Delta Air Lines (NYSE:DAL) has announced that it will dramatically change its SkyMiles frequent flyer program beginning in January 2015. At that point flyers will accumulate miles/rewards based on the amount of money they spend on flights instead of the distance flown. Today, nearly all airlines still reward customers based on the distance flown, with multipliers based on program status. Delta will join Virgin America, JetBlue, and Southwest in adopting a revenue-based approach to mileage awards.

The new rewards accrual system
The headline change is the formula used for rewards accrual. In the new program SkyMiles members will earn 5 miles for every $1 spent on airfare.
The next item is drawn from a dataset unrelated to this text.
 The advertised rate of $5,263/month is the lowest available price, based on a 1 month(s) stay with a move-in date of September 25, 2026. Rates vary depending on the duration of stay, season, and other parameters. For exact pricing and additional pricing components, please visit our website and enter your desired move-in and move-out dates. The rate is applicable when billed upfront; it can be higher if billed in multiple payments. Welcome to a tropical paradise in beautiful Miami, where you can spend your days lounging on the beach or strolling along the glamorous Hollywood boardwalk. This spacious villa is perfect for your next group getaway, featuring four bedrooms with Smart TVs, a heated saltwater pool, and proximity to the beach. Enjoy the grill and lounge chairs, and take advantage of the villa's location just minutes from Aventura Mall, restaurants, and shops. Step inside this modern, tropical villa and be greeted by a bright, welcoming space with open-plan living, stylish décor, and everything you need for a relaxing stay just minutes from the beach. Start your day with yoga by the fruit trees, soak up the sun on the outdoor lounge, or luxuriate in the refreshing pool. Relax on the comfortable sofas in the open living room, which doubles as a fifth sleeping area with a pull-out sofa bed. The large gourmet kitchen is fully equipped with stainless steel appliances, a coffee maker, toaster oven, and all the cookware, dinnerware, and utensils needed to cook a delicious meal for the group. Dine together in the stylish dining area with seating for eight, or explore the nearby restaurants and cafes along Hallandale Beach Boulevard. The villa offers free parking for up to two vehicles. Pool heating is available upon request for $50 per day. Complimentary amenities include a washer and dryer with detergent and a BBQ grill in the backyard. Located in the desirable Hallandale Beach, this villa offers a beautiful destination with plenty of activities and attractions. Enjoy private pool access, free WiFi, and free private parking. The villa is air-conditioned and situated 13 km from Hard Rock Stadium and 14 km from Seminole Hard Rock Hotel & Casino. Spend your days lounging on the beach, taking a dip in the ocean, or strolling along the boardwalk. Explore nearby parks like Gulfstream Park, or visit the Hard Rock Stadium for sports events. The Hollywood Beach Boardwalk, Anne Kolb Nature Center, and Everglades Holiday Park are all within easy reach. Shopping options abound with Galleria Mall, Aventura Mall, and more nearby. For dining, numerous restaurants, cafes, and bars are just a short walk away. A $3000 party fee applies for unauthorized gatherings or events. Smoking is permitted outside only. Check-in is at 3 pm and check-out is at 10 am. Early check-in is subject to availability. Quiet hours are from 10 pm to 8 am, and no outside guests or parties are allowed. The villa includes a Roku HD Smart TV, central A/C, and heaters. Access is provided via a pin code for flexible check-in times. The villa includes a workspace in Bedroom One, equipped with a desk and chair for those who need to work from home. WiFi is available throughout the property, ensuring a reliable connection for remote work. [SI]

The rewards increase with every level of loyalty status attained, maxing out at 11 miles per dollar as a Diamond Medallion member. 

  Miles Earned Per USD Spent
General 5 miles per USD
Silver 7 miles per USD
Gold 8 miles per USD
Platinum 9 miles per USD
Diamond 11 miles per USD

The new system will have the biggest positive impact on business travelers. On shorter domestic flights the cost of business class is often only incrementally more expensive than an economy-class ticket. But when it comes to longer flights, especially international travel, business and first-class tickets can cost up to 10 times as much as a coach ticket for the same flight. Despite spending significantly more, business and first-class passengers only earn an additional 50% of the miles flown under the current system. By adopting a revenue-based approach, Delta is upping the relative rewards rate for business and first-class travel. The new program is clearly designed to cater toward Delta's highest-spending clientele.
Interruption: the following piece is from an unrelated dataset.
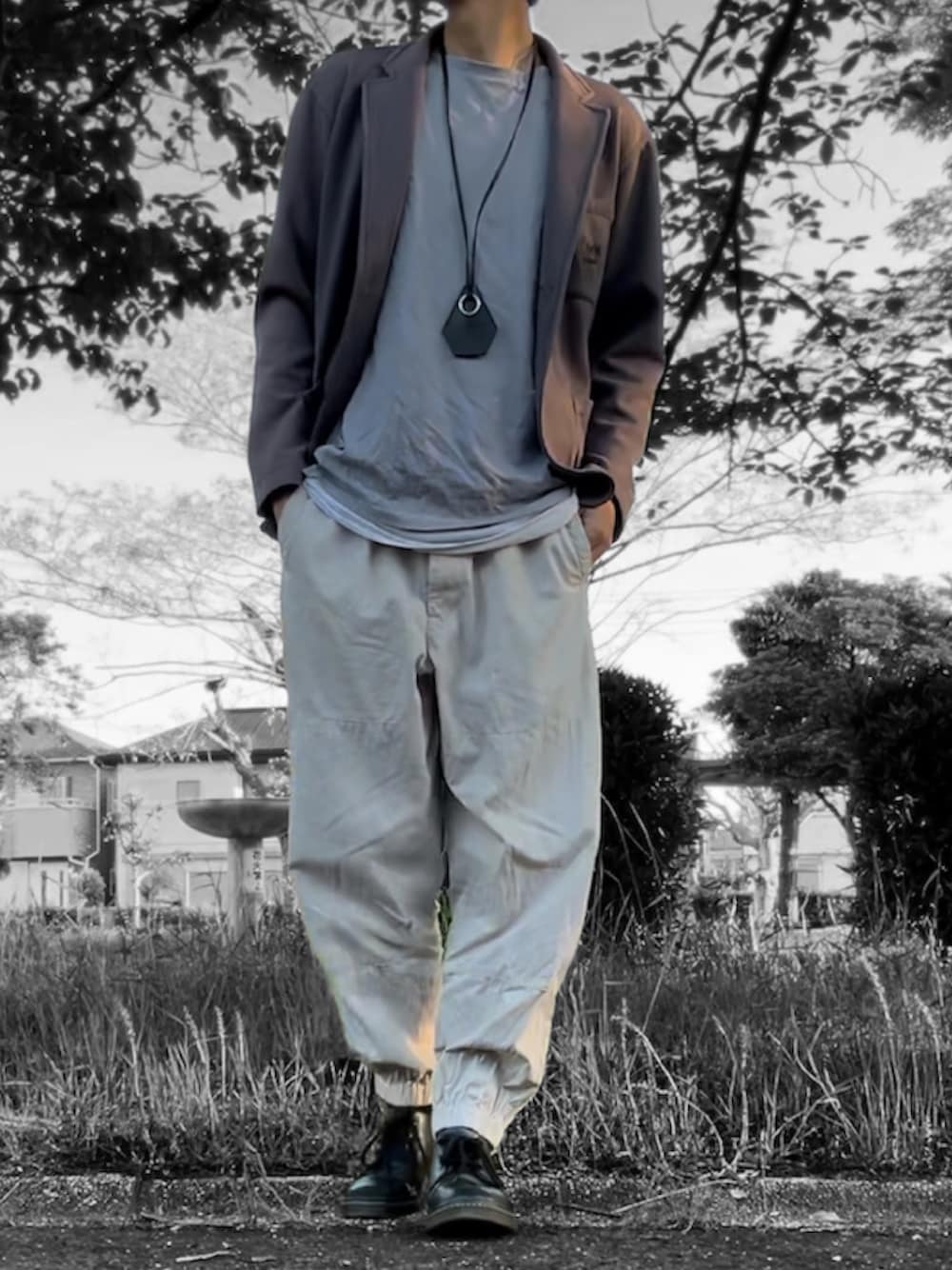 ご覧頂きましてありがとうございます! 淡色コーデのアクセントに 黒のキーネックレスと革靴を。

How, though, will this change affect the rewards rate for SkyMiles memgers flying economy? We studied this question by examining a number of scenarios using Delta's own comparison tool. Delta's tool could only handle nonstop flights, so we were constrained to those routes in our analysis.

JFK (New York) to NRT (Tokyo) Round-Trip: $1,704

  Current SkyMiles 2015 SkyMiles
General 13,490 8,520
Silver 16,862 11,928
Gold 26,980 13,632
Platinum 26,980 15,336
Diamond 30,352 18,744

JFK (New York) to LAX (Los Angeles) Round-Trip: $458

  Current SkyMiles 2015 SkyMiles
General 4,950 2,290
Silver 6,187 3,206
Gold 9,900 3,664
Platinum 9,900 4,122
Diamond 11,137 5,038

JFK (New York) to BOS (Boston) Round-Trip: $258

  Current SkyMiles 2015 SkyMiles
General 1,000 1,290
Silver 1,250 1,806
Gold 2,000 2,064
Platinum 2,000 2,322
Diamond 2,250 2,838

These examples are nowhere near comprehensive but should give you an idea of how the new program will change rewards rates. For shorter flights, such as the New York to Boston itinerary, passengers will earn rewards at a similar or even better rate under the 2015 SkyMiles program. The changes are more dramatic on the long-distance flights. For both longer trips shown above, passengers would earn a significantly greater awards under the current system than they will in 2015. When you consider the fact that our analysis was constrained to nonstop flights, and that flights with layovers generally have a better miles-to-dollar ratio, budget-conscious consumers should be unhappy with the change. As a whole, consumers flying economy should expect to earn fewer rewards points with Delta beginning in 2015, with certain exceptions for short domestic trips or some of the more expensive international routes the airline flies. 

Other changes
While the accrual system is the major headline change, Delta is also to steps to make it easier for consumers to use their miles earned. To start, the company is eliminating blackout dates, enabling consumers to redeem awards on any Delta flight. This should serve to increase the flexibility of actually booking an awards flight. In addition, the airline is also increasing seat availability for awards flights. Lastly, Delta is joining the other major airlines by allowing consumers to book one-way award tickets. SkyMiles members can presently only book round-trip flights through the program.